T-test and Chi-square tests were used to examine the distribution of the variables by VI at baseline. Mean, standard deviation (SD), and ranges were reported for continuous variables (age and years of education). Frequency and percents were reported for variables that were categorized (socio-demographics, smoking, BMI, comorbidities, cognitive impairment, depressive symptoms, and hearing impairment). T-test was performed for continuous variables with normal distribution and the p-value chosen was based on the homogeneity of variance assumption. Chi-square tests and Fisher’s Exact test were conducted to test the differences of the categorical variables.

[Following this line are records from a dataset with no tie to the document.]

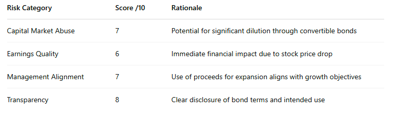 While the funds are earmarked for expansion and debt refinancing, investors should scrutinize the company's ability to generate returns that outweigh the dilution effects. Understanding the strategic rationale behind the timing and structure of the bond issuance is crucial.
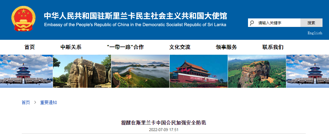 7月9日,中国驻斯里兰卡大使馆官网发布重要通知:提醒在斯里兰卡中国公民加强安全防范。
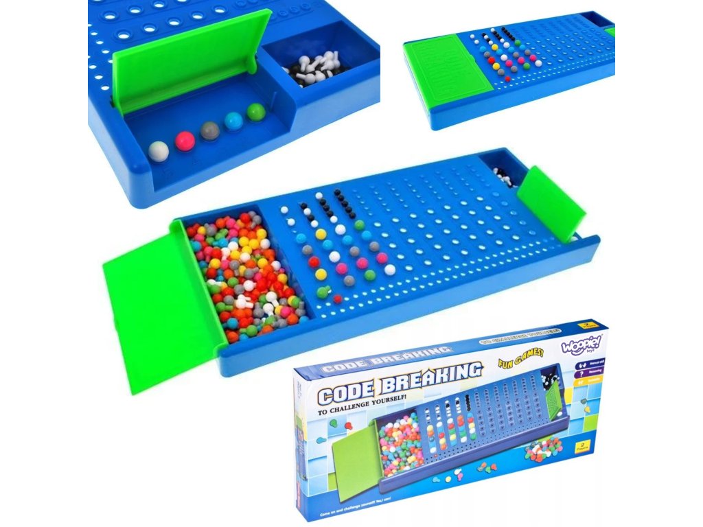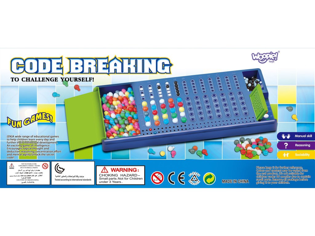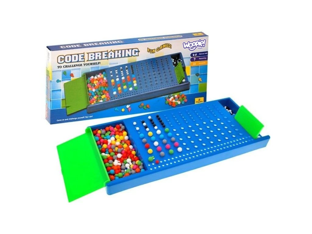 Logická hra Break the Code od značkyWOOPIE je stolová hra určená predve osobyhra spočíva v tom, že jeden z nich uhádne skrytý kód na čo najmenší počet pokusov. Veselá hra na obratnosť stimuluje rozvoj dieťaťa naniekoľko úrovní súčasne. Zlepšuje zručnostirozpoznávanie farieb,koordinácia rúk a očí ikomunikácia. Jedným z najúčinnejších spôsobov, ako u detí rozvíjať medziľudské zručnosti, je hrať s blízkymi rôzne hry.
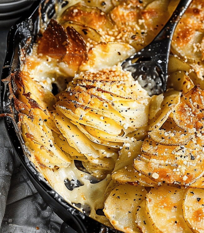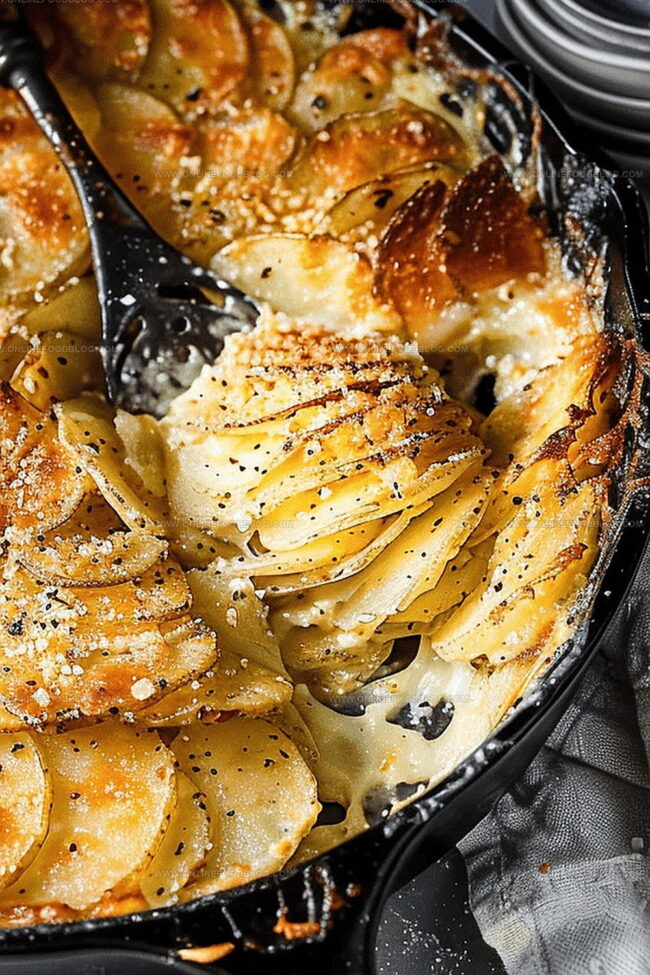 Layers of thinly sliced potatoes meld seamlessly with robust cheeses, creating a golden-brown masterpiece with irresistible textures.
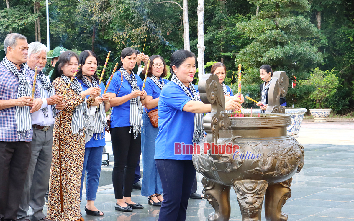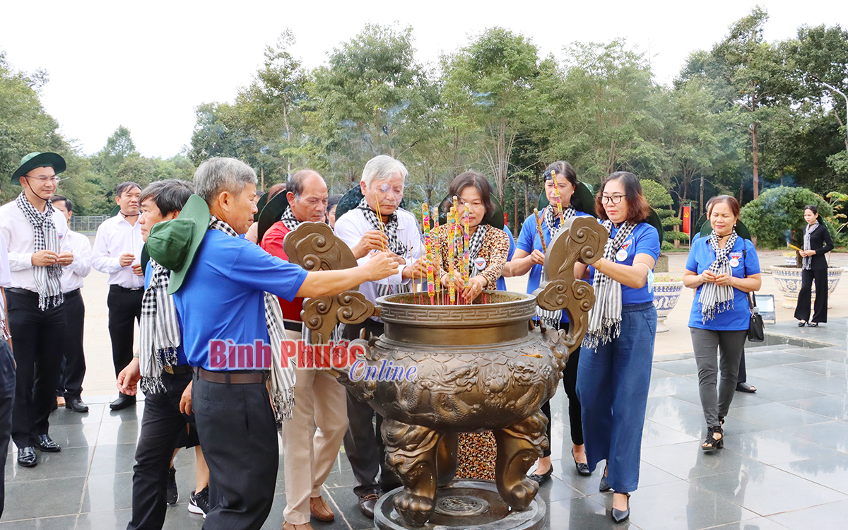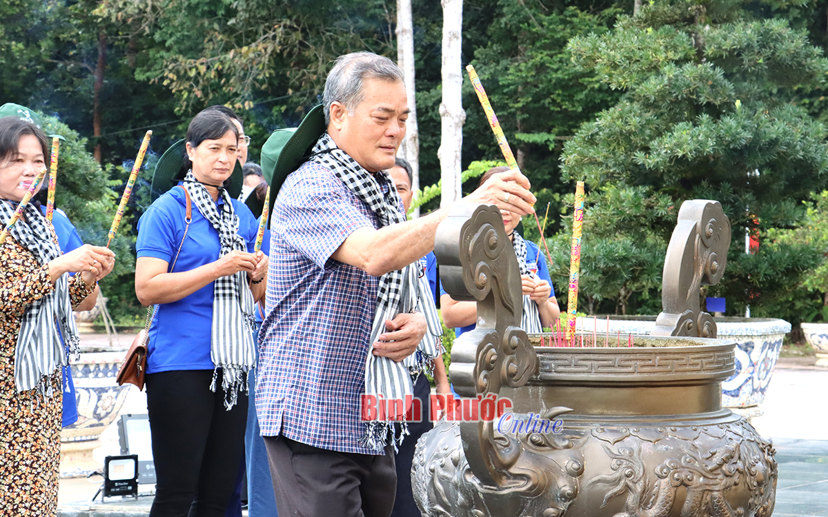 Trong sáng nay, đoàn đã đặt vòng hoa dâng hương tại các địa điểm: Đài tưởng niệm, Đền thờ tưởng niệm Chủ tịch Hồ Chí Minh, lãnh đạo Trung ương Cục miền Nam và Bộ Chỉ huy Miền Tà Thiết qua các thời kỳ. Tiếp đó, đoàn tham quan Khu di tích Quốc gia đặc biệt Bộ Chỉ huy Miền Tà Thiết và Thiền viện Trúc Lâm.
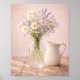 Este arte de pared de lona con flores silvestres de granja presenta un suave ramo de margaritas, lavanda y delicadas flores rosadas dispuestas en un frasco de vidrio transparente junto a una clásica jarra de cerámica blanca. La cálida mesa de madera rústica y la suave luz natural crean una escena pacífica inspirada en una cabaña. Perfecto para cocinas de granja, comedores, dormitorios o espacios acogedores, esta obra de arte en lona añade un encanto botánico atemporal y una elegante elegancia campestre a la decoración de tu hogar.

The odds ratio (OR) and 95% Confidence Interval (CI) of frailty as a function of VI were estimated using Generalized Estimating Equation (GEE) models with logit link for a binomial distribution and the autoregressive covariance structure to account for repeated measures of participants. The covariance matrixes for GEE models were chosen based on the Akaike information criterion and Bayesian information criterion values (Zeger & Liang, 1986). Using GEE models, we minimize the selection bias from missing information, since this procedure allows for the use of all available data from all follow-up interviews while accounting for differences in the follow-up duration; we therefore lose only the observations for which the participant is missing, and not all the measurements. To estimate the working correlation parameters, all non-missing pairs of data were used from the same participants over time. All models were controlled for sociodemographic and health factors over time. All variables were analyzed as time varying (potential to change over time) except for sex, education, and nativity. Age and years of education were analyzed as continuous variables in the GEE analysis and all other covariates were analyzed as categorical. Participants who died, refused to participate, or were lost to follow up were included until their last follow-up date (last interview date over the 18-year follow-up period). Analyses were performed using SAS, version 9.0 (SAS Institute, Inc., Cary, NC). A p-value of < 0.05 was considered statistically significant.

RESULTS

Table 1 presents baseline descriptive characteristics of the sample among non-frail participants at baseline. The mean age of the overall sample was 76.68 (SD ± 5.11) years, and the mean years of education was 5.15 (SD ± 3.95). The overall sample was primarily female (57.74%), married (54.66%), US born (58.02%), had financial strain (52.15%), and were not currently smoking (89.27%). The most common comorbidities were arthritis (47.67%), hypertension (46.08%), and diabetes (26.68%). Approximately forty percent were overweight, followed by obesity category 1 (24.44%), normal weight (24.25%), obesity category 2 (10.07%), and underweight (1.31%). About twenty nine percent had a MMSE score < 21, 19.50% indicated having a hearing impairment, and 9.98% had high depressive symptoms.

Table 1.

Baseline descriptive characteristics of the overall sample and by vision impairment (near or distant) among Mexican American older adults (n=1072).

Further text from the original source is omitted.